### TASK TO COMPLETE:
Exactly and only the lines from the first entry through the line with "Na družabnih omrežjih" should be copied, both ends included, with no pictures.

◆ ◆ ◆ ◆ ◆

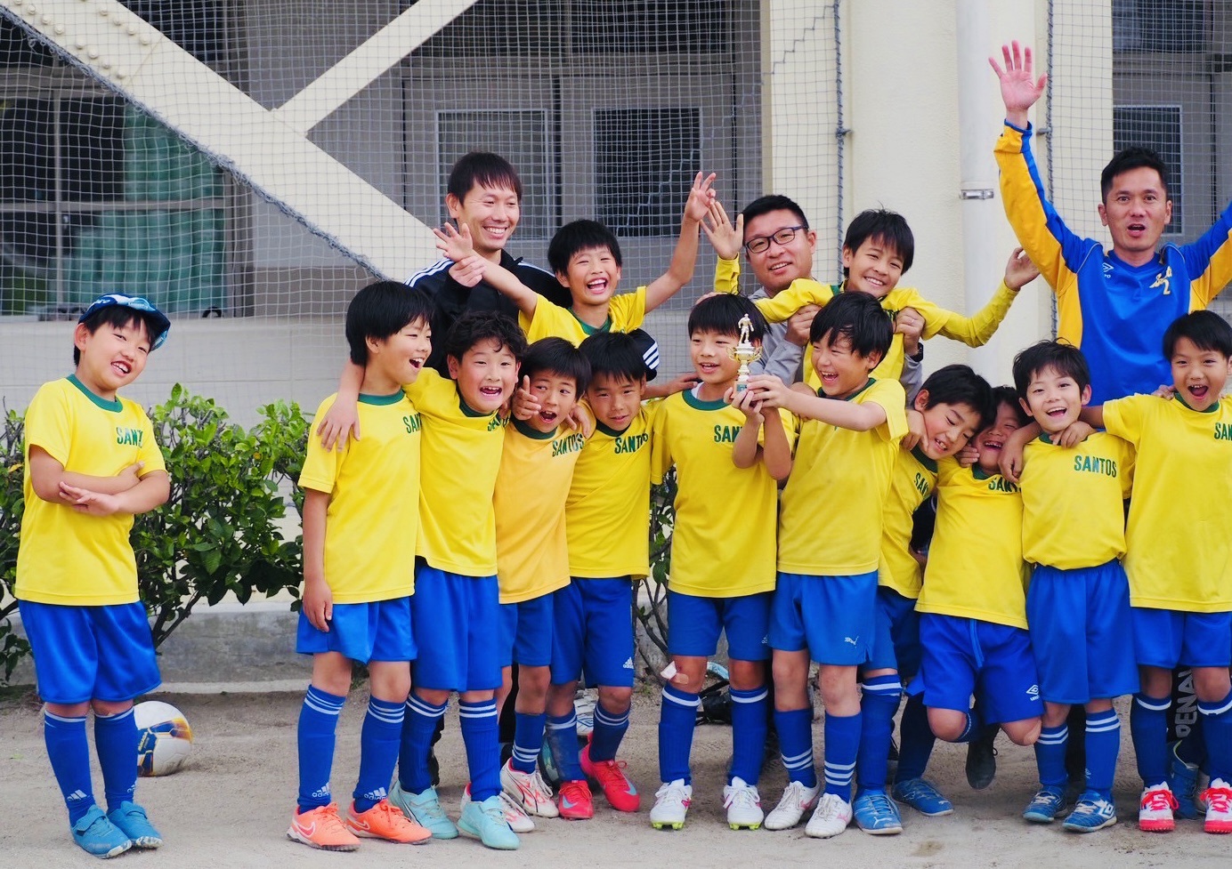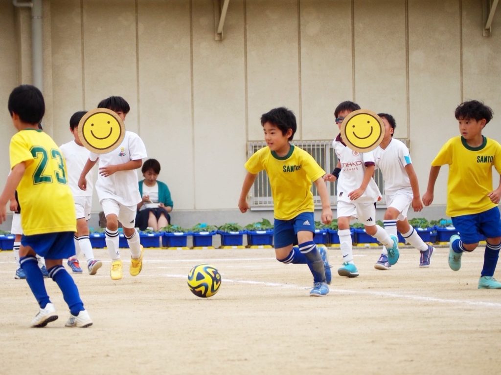テーマである①仲間をみて判断する。②寄せのスピード。③自分の背後をみる(スペース、敵・仲間を見る)。を全員で意識して取り組めていました。敵に囲まれた時にフリーな選手にパスを出したり、素早いアプローチからボールを奪ってからのドリブル、シュートの意識がしっかりできていました!
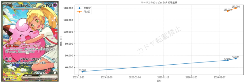 リーリエのピッピex SARは、2026年1月相場において、比較的わかりやすい上昇を見せたカードです。
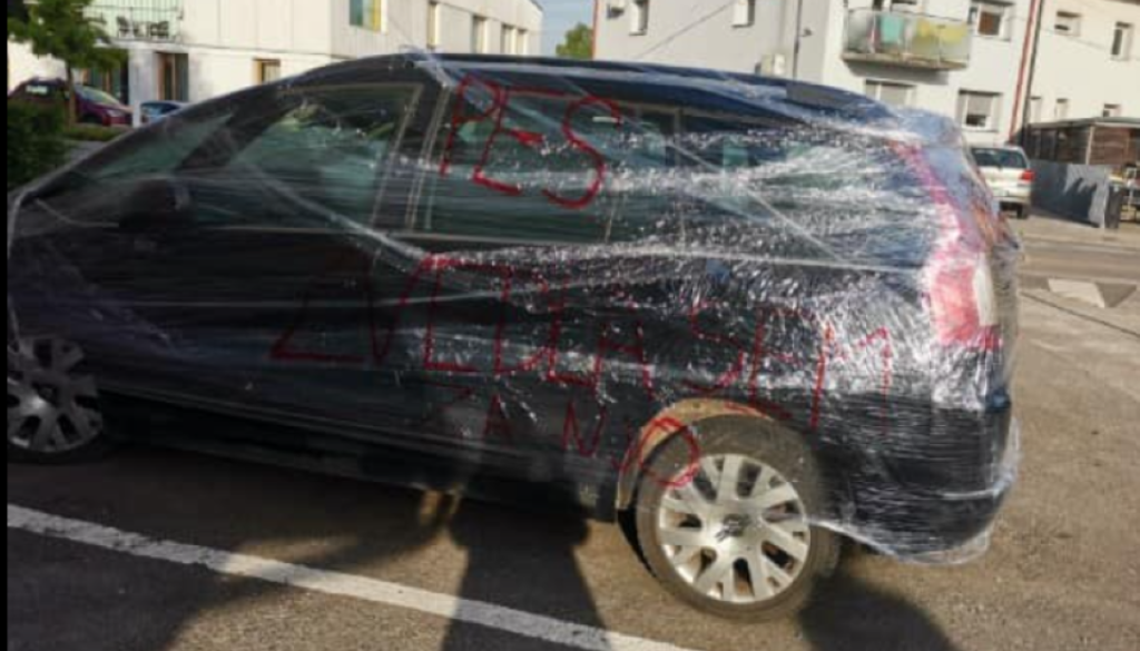 Na družabnih omrežjih so se je danes pojavile fotografije avtomobila, ovitega v prozorno plastično folijo, na njem pa sporočilo o nosečnosti ter nekaj bolj nesramnih in nevljudnih besed.
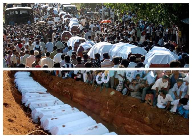 इसी बीच सोशल मीडिया पर कुछ तस्वीरें खूब वायरल हो रही हैं, जिन्हें श्रीलंका के मृतकों से जोड़ा जा रहा है। लोग ताबूतों की कुछ तस्वीरों को लोग खूूब शेयर कर रहे हैं। पहली तस्वीर में जमीन पर ताबूत बिछे हुए हैं और दूसरी में लोगों ने हाथों में ताबूतों को उठाया हुआ है।
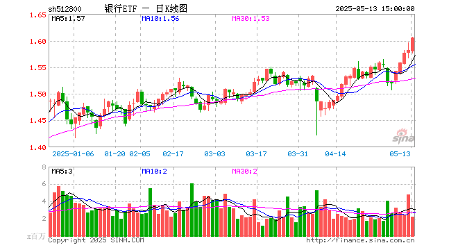 5月13日银行ETF(512800)份额增加630.00万份,最新份额51.20亿份,最新规模82.20亿元
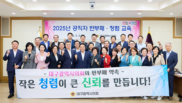 [아이뉴스24 이창재 기자] 대구시의회(의장 이만규)는 2일 오후 시의회 3층 회의실에서 ‘2025년 반부패 청렴교육’을 실시했다.
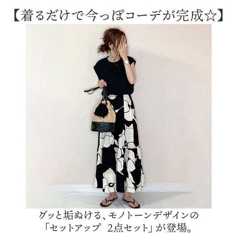 | 商品説明 | 【着るだけで今っぽコーデが完成☆】グッと垢ぬける、モノトーンデザインの「セットアップ 2点セット」が登場。【もうコーデに悩まない◎】毎日のコーデにお悩みの方へ!着るだけで垢ぬけコーデに仕上がる、嬉しいセットアップ服。【大人リラクシーがお気に入り♪】カジュアルだけどちゃんと女性らしい、上品な雰囲気。頑張りすぎないおしゃれさがGOOD◎【ゆるっと風通しの良い着心地】二の腕をカバーする、ゆるっと広めの袖口がポイント。風を通すから涼しい着心地で快適に。【締め付けフリーのロングスカート】幅広ゴムのウエストだから、とにかくラクチン!大ぶりな花柄でコーデにアクセントをON♪【着回し力が自慢のアイテム】セットアップだけでなく、単品で着るのも◎シンプルだから合わせやすく、着回し力バツグン! |
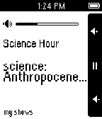 Orange Radio offers a free access to thousands of internet radio stations and shows. Remote control the app from your Pebble : browse the selection, listen to your favorites stations or shows and move easily from one station to another. At a glance on your watch, see what station, show or music is on. This Pebble application needs Orange Radio iOS 2.1.1 or superior application to work. This Pebble application needs Orange Radio Android 2.2.2 or superior application to work. Instructions : Up button : short press – volume, long press – previous station or show Middle button : short press – select and play/pause, long press – back to the station playing Down button : short press – volume, long press – next station or show
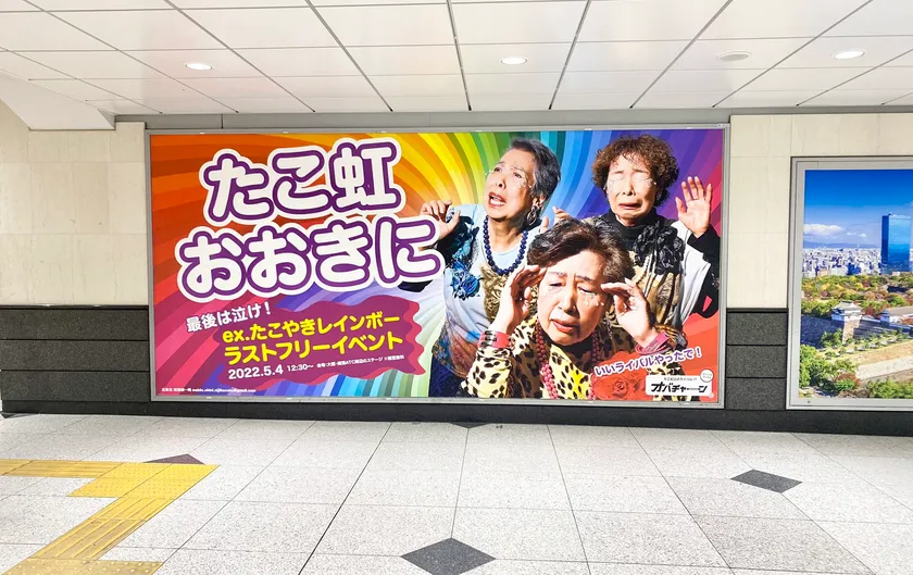●最近見かけることが増えてきた応援広告。全国各地の媒体枠と連動した広告が掲出されるなど大規模なものも少なくありませんが、今回は大阪を拠点に活動してきたたこやきレインボーらしく、大阪駅構内のビッグビジュアルにて同時期に3箇所の応援広告を掲出いたします。「たこやきレインボー」という最高のアイドルがいたこと、そしてそのラストステージである5月4日(水・祝)のラストフリーイベントを、「目立ってなんぼ!」の関西魂でとにかくド派手に告知します。
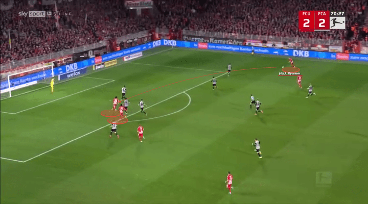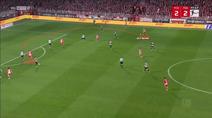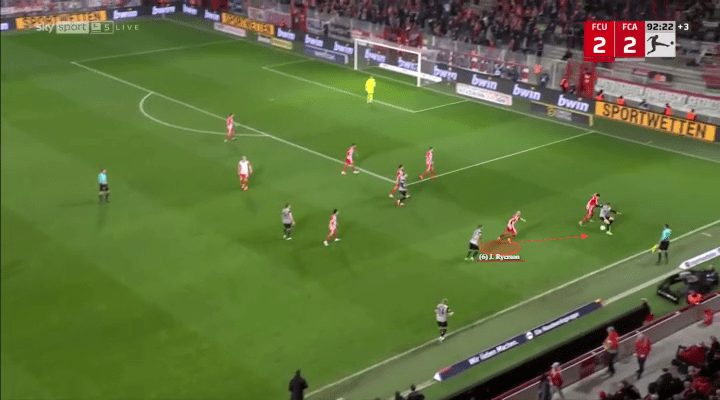 Embed from Getty ImagesAs a member of Union Berlin, Ryerson must also be more than capable of defending. Luckily for Urs Fischer, Ryerson has an aggressive edge matched with supreme timing. Union will often compact the wider areas in numbers, aiding in Ryerson’s ability to win the day.
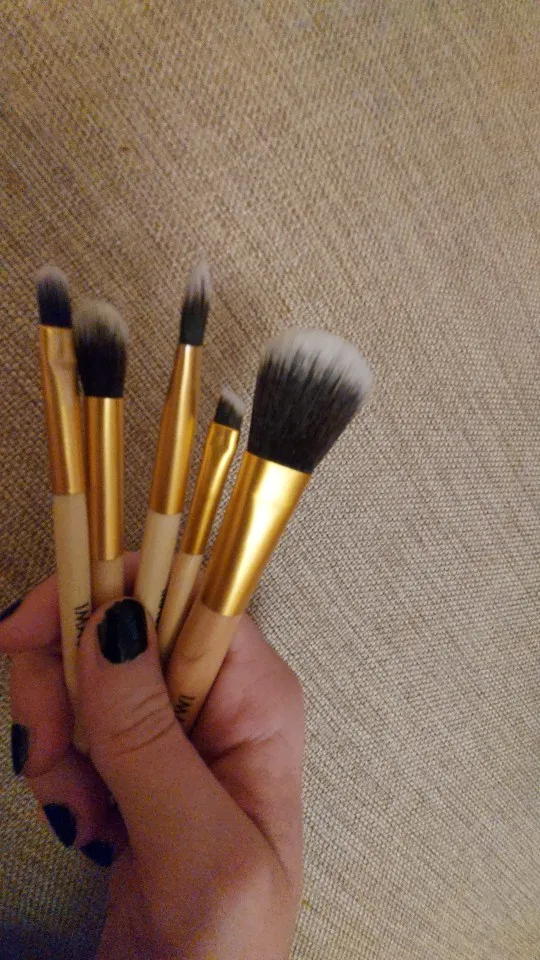 яркие, хорошая пигментация, кисти в основном плоского сечения, только 1круглая. на фото не она. это самая большая из набора. синтетика. приятные. выкрасы пальцем делала. 1 раз в тени 1 раз на руку упаковано гипер качественно
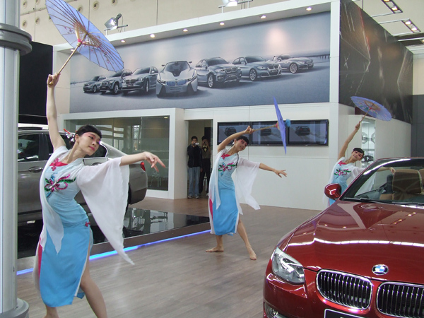 在喧囂的車展中,一曲江南水鄉(xiāng)安靜如小橋流水人家的舞蹈,也成功的吸引了許多人的腳步,舞蹈優(yōu)美,音樂猶如安靜雨聲,讓人忘記了是否還在車展中。
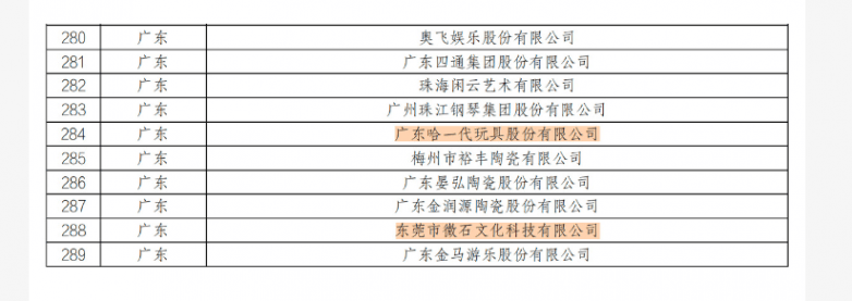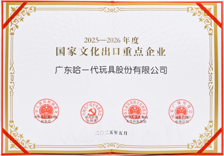 2025年上半年,商务部、中宣部、文旅部、国家广电总局四大部委联合重磅揭晓2025-2026年度国家文化出口重点企业认定名单。在全省仅36席的珍贵名额中,东莞仅有两家企业斩获殊荣。广东哈一代玩具股份有限公司凭借卓越的文化创新实力与亮眼的国际化市场表现成功突围,作为2025-2026年度唯一跻身、强势登榜的佼佼者,正式拿下这一国家级权威认定,彰显强劲综合实力!
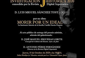 En esta primera edición de 2020, el jurado ha acordado por unanimidad conceder el premio al ensayo “MORIR POR UN IDEAL (La fascinante historia de la familia Castillo García-Negrete)”, editada por el Ayuntamiento de Castillo de Locubín (Jaén), cuyo autor es el investigador e historiador jiennense Luis Miguel Sánchez Tostado.

◆ ◆ ◆ ◆ ◆

### FINISHED TASK:
テーマである①仲間をみて判断する。②寄せのスピード。③自分の背後をみる(スペース、敵・仲間を見る)。を全員で意識して取り組めていました。敵に囲まれた時にフリーな選手にパスを出したり、素早いアプローチからボールを奪ってからのドリブル、シュートの意識がしっかりできていました!
 リーリエのピッピex SARは、2026年1月相場において、比較的わかりやすい上昇を見せたカードです。
 Na družabnih omrežjih so se je danes pojavile fotografije avtomobila, ovitega v prozorno plastično folijo, na njem pa sporočilo o nosečnosti ter nekaj bolj nesramnih in nevljudnih besed.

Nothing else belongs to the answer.